What the task requires: Your copy should begin with the line containing "山崎実業 tower タワー", end with the line containing "海斯迪克 立式导向牌 KS142-3 黑色菜单翻页展示架 49*35cm 1个", match the listing below exactly, and contain no pictures.

[Opening Given records section]

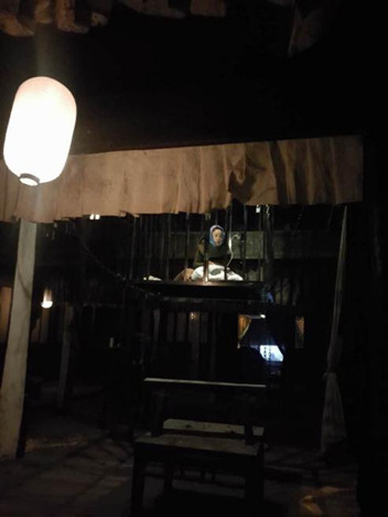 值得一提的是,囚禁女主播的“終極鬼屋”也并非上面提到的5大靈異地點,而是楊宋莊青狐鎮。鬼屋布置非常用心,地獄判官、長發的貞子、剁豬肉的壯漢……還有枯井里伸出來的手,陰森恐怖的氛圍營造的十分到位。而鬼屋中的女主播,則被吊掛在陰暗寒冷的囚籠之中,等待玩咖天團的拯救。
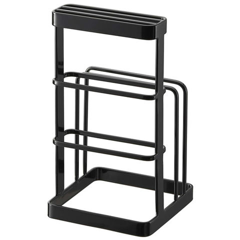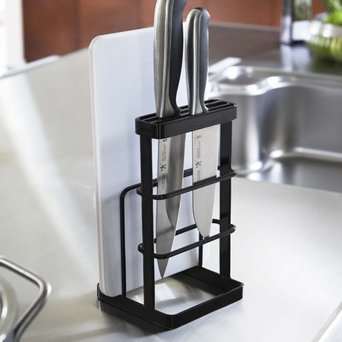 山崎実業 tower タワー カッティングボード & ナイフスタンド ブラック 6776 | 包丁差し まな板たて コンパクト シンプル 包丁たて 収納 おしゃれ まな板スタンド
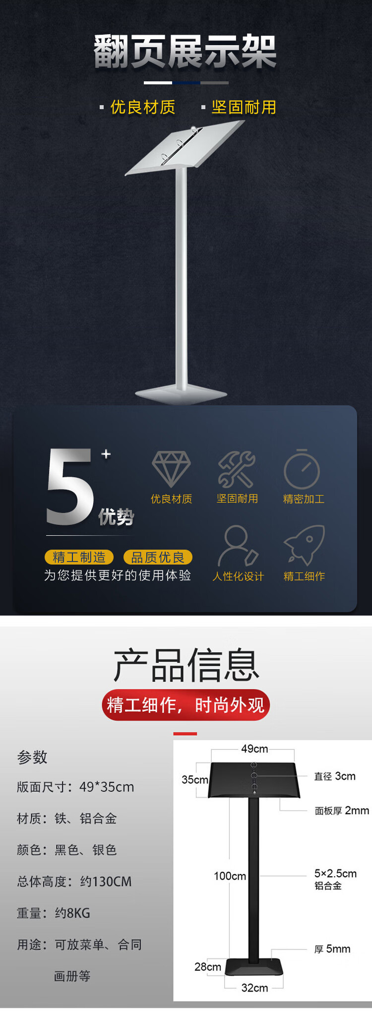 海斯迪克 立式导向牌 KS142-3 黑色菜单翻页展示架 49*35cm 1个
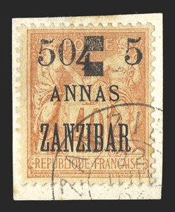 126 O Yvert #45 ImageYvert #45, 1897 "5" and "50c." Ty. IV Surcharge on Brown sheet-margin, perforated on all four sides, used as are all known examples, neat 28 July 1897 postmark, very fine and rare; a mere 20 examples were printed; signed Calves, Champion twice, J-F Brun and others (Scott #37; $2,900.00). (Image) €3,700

[Closing Given records section]
[Opening Given records section]

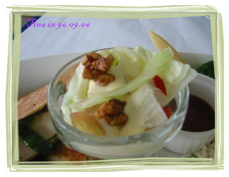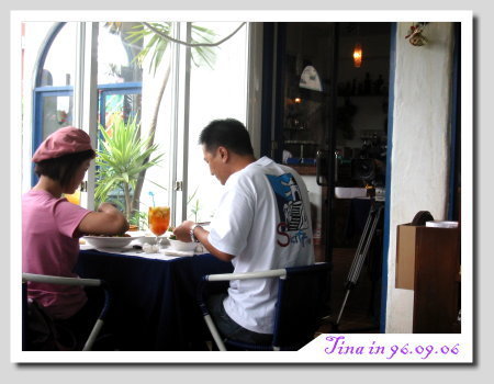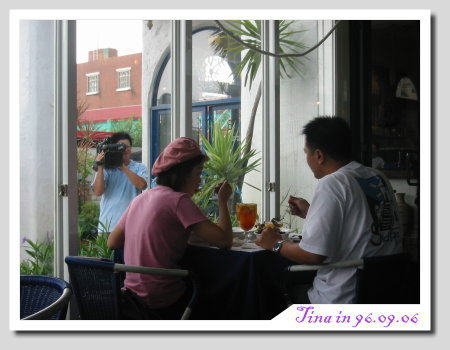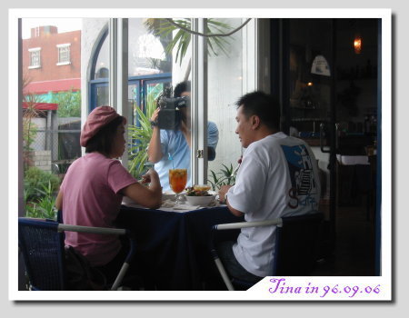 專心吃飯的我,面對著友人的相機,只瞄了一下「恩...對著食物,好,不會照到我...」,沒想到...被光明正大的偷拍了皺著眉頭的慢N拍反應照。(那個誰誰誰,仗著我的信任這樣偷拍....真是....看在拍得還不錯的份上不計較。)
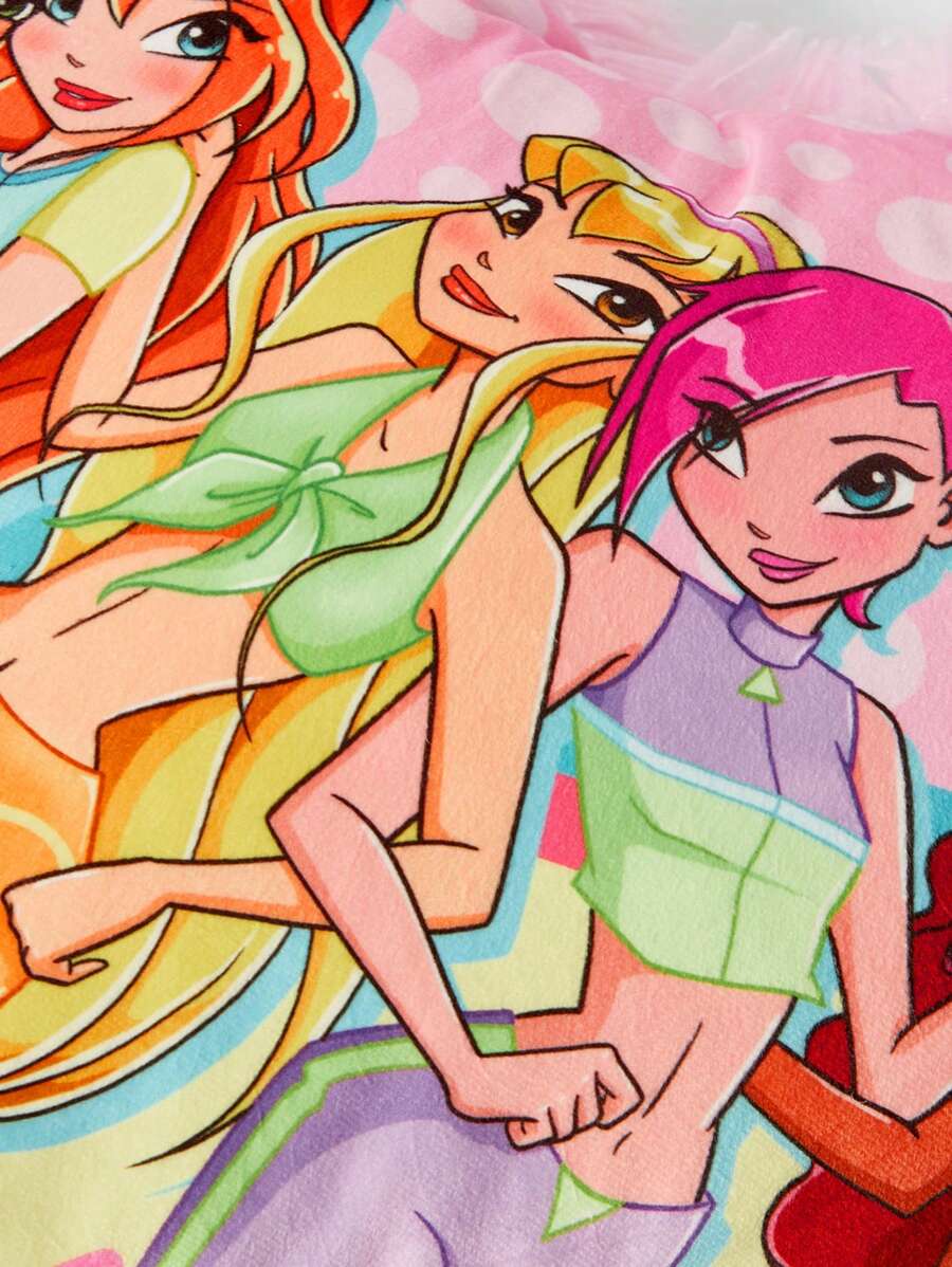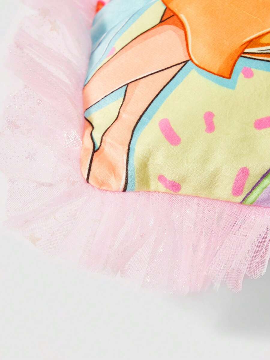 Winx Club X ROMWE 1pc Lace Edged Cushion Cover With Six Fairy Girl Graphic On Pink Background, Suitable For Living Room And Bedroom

[Closing Given records section]

Answer:
 山崎実業 tower タワー カッティングボード & ナイフスタンド ブラック 6776 | 包丁差し まな板たて コンパクト シンプル 包丁たて 収納 おしゃれ まな板スタンド
 海斯迪克 立式导向牌 KS142-3 黑色菜单翻页展示架 49*35cm 1个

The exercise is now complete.